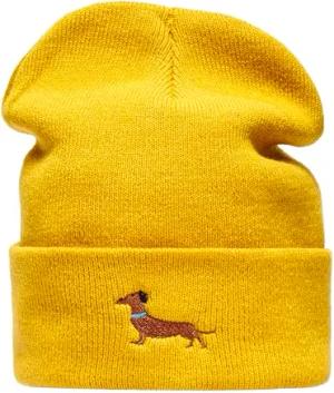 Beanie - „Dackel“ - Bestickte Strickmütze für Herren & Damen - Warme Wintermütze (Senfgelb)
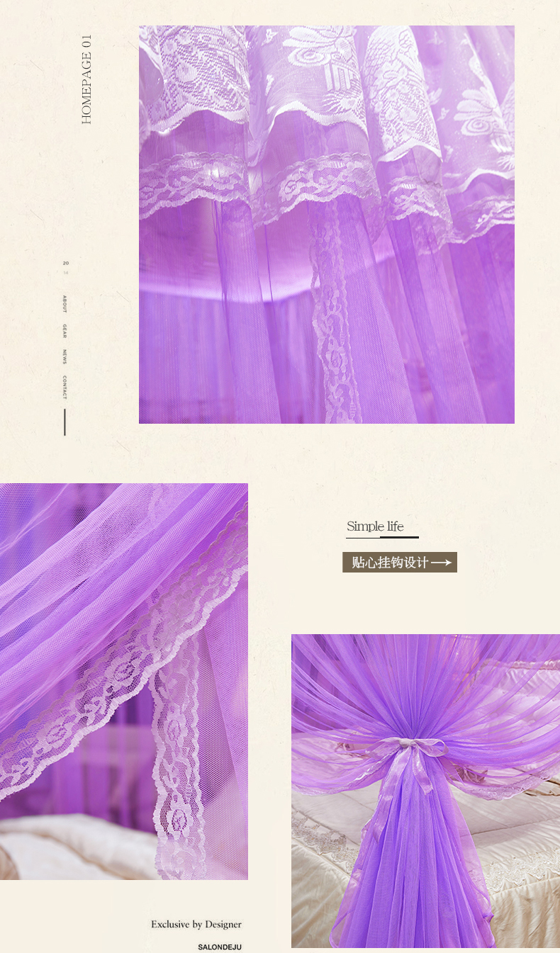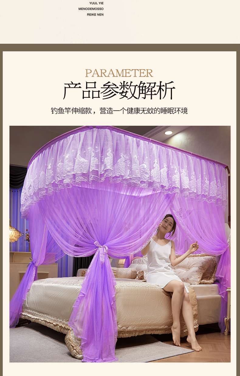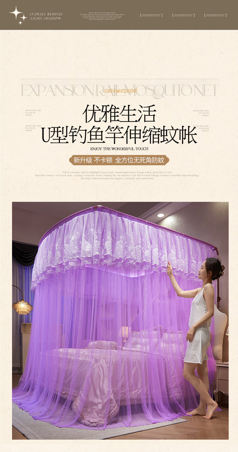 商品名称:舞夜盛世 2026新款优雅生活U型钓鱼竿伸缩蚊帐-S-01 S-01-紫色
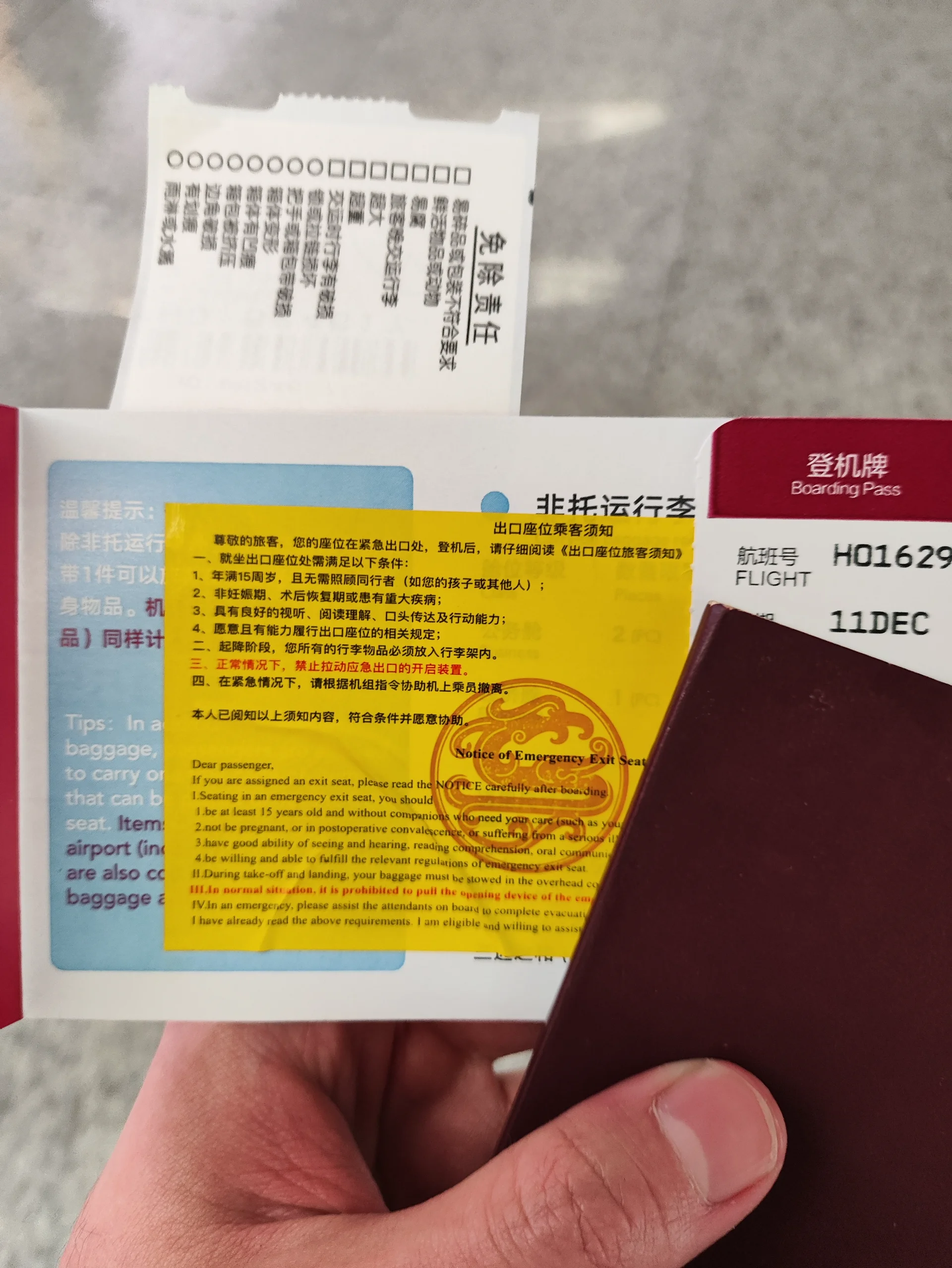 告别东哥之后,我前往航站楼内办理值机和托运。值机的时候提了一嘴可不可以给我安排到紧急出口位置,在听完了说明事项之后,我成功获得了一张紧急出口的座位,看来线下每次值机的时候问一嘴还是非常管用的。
□ □ □ □ □
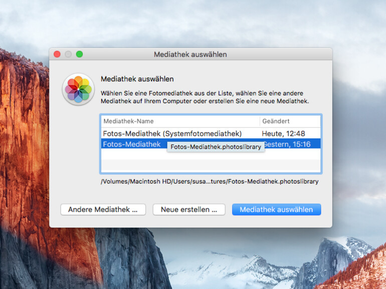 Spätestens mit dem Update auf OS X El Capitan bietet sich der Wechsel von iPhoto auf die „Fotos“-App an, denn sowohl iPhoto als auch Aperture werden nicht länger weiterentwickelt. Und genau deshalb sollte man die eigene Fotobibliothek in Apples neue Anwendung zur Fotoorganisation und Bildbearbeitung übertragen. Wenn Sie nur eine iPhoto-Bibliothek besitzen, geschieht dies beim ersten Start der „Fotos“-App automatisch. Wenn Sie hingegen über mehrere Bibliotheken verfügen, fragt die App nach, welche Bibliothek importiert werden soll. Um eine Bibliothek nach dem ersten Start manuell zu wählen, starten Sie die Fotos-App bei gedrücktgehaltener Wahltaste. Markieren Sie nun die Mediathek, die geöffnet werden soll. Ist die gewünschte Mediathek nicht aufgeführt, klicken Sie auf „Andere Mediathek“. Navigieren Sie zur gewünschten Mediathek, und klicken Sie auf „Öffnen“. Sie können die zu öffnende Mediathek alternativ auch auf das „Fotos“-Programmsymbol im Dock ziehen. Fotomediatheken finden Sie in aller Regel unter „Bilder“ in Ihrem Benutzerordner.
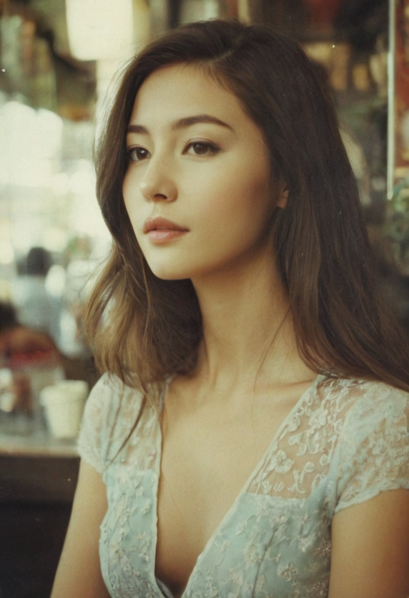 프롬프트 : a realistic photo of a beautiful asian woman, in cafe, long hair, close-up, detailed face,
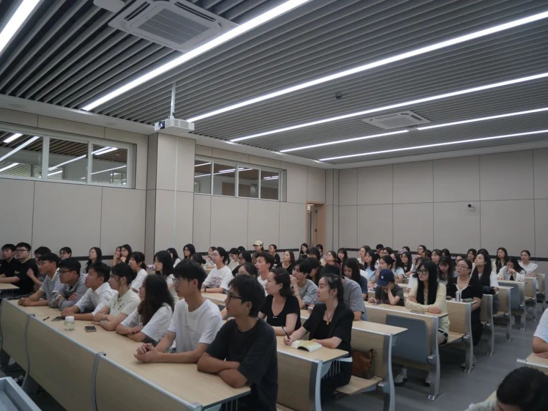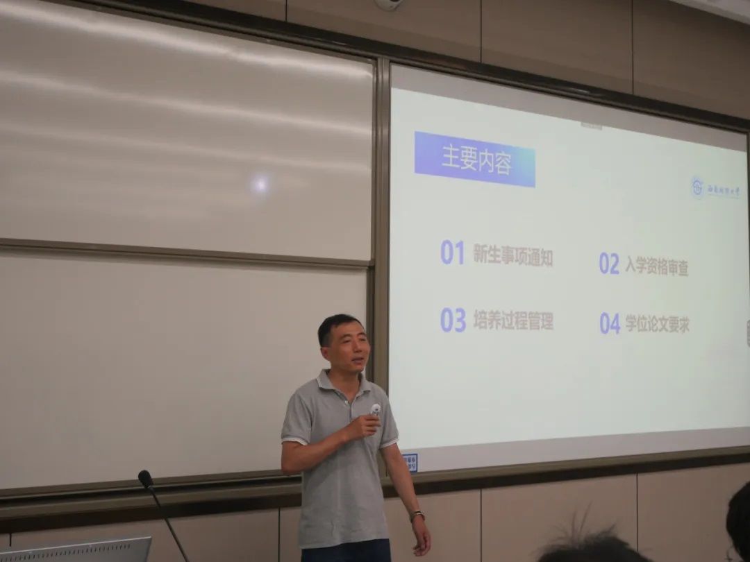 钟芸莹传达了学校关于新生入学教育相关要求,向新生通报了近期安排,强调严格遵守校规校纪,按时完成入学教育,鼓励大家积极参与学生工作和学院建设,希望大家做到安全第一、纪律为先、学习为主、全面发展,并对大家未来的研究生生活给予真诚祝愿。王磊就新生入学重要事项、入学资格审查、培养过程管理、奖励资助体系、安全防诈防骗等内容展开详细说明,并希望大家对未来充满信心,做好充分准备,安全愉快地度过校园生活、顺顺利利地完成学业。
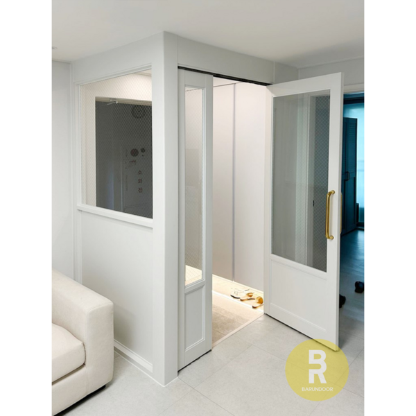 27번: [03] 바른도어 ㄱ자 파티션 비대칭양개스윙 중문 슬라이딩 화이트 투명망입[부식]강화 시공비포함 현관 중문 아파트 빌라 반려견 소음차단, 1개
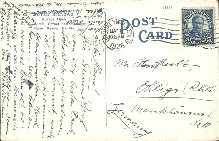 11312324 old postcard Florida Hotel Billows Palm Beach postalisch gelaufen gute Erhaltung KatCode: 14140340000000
□ □ □ □ □
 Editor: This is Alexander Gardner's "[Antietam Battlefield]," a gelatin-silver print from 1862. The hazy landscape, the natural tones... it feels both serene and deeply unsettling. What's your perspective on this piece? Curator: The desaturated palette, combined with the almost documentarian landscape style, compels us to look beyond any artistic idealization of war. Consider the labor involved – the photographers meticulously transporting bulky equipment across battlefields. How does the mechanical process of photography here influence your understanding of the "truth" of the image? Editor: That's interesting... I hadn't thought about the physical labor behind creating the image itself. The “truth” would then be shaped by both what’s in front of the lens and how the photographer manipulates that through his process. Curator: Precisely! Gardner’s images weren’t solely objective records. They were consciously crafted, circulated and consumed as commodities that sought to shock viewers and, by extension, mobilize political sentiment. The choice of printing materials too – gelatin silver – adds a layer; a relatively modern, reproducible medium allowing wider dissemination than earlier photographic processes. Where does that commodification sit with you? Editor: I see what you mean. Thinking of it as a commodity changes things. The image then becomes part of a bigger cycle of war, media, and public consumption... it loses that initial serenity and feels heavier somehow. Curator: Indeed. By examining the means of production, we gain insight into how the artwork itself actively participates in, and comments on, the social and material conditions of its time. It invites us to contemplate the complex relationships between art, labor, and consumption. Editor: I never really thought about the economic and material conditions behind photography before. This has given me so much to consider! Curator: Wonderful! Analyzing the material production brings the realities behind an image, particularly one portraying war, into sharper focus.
□ □ □ □ □
§ Task goal: Using the records above, print exactly the lines between the ones containing "Warme Wintermütze (Senfgelb)" and "告别东哥之后,我前往航站楼内", inclusive, and nothing else; no pictures.

§ Answer below:
 Beanie - „Dackel“ - Bestickte Strickmütze für Herren & Damen - Warme Wintermütze (Senfgelb)
 商品名称:舞夜盛世 2026新款优雅生活U型钓鱼竿伸缩蚊帐-S-01 S-01-紫色
 告别东哥之后,我前往航站楼内办理值机和托运。值机的时候提了一嘴可不可以给我安排到紧急出口位置,在听完了说明事项之后,我成功获得了一张紧急出口的座位,看来线下每次值机的时候问一嘴还是非常管用的。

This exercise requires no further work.